Home DRONE NEWS Dedrone Statement on Saudi Aramco Drone Attacks

Dedrone Statement on Saudi Aramco Drone Attacks

by Editor

Saudi Aramco continues to respond to drone attacks to their facilities. In May 2019, a drone attack occurred on the country’s main cross-country oil pipeline. As a precautionary measure, the organization, temporarily shut down the pipeline and contained the fire which caused minor damage to a pump station.

However, the issue of unauthorized drones in their airspace persisted and escalated. In September 2019, Saudi Aramco shut down half their crude production due to another drone attack. According to the Wall Street Journal, the production shutdown amounts to a loss of about five million barrels a day, roughly 5% of the world’s daily production of crude oil. These events highlight the risk of the wrong drone near an oil or gas storage facility, and the consequences to critical infrastructure, the environment, and economy.
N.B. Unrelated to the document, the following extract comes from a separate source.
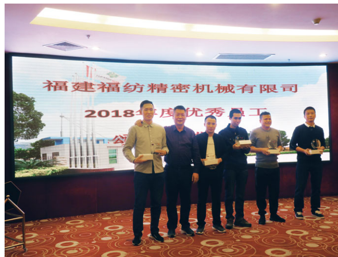
年度傑出員工獎頒獎典禮

本集團為所有員工提供並根據相關國家勞動法律法規(例如：《中華人民共和國勞動法》和《中華人民共和國勞動合同法》)制定具吸引力的薪酬待遇。如我們的人力資源管理程序和員工手冊所述，全職僱員的薪酬和福利包括工資、年假、婚假、產假，待產假和喪假、津貼，加班費和社會保險等。本集團會定期檢討員工薪酬，並以當地同行的行業慣例為基準進行調整，以確保員工獲得符合最新市場趨勢的獎勵。為了激勵我們的員工，本集團給獎金予績效良好的員工。此外，我們通過選舉和頒發年度優秀員工獎勵來激勵員工，以表達我們對員工貢獻和成就的讚賞。

Whether located in cities, rural communities, or offshore, traditional security at utilities is robust and designed to protect operations from a variety of threats, including natural disasters, theft, and terrorism. However, traditional security leaves a gap in the lower airspace, exposing a vulnerability which drones can penetrate with ease. For example, environmental protesters have used drones to interrupt operations at nuclear plants. Wayward drones are crashing into power lines and disrupting services to customers. Public utility managers are experiencing more drones in their airspace, but without enough information to hold trespassers accountable for damages caused by their intrusion. 
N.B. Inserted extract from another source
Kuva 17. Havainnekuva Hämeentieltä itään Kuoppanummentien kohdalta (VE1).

Dedrone is the global market and technology leader in airspace security and has worked with utilities around the world to protect their airspace from drone threats. When there is an alert to an unauthorized drone in a facility’s airspace, security operators will have the time to intercept the risk and determine the threat the drone poses and avoid costly and inconvenient operational disruptions.

While energy manufacturers and utilities are implementing drone surveying and inspection programs around the world, these organizations must also protect critical infrastructure, such as power stations and water reservoirs, from unwanted drones. With drones becoming ever more inexpensive, easy to fly, and able carry heavy payloads, the risk of not securing the airspace only increases every day.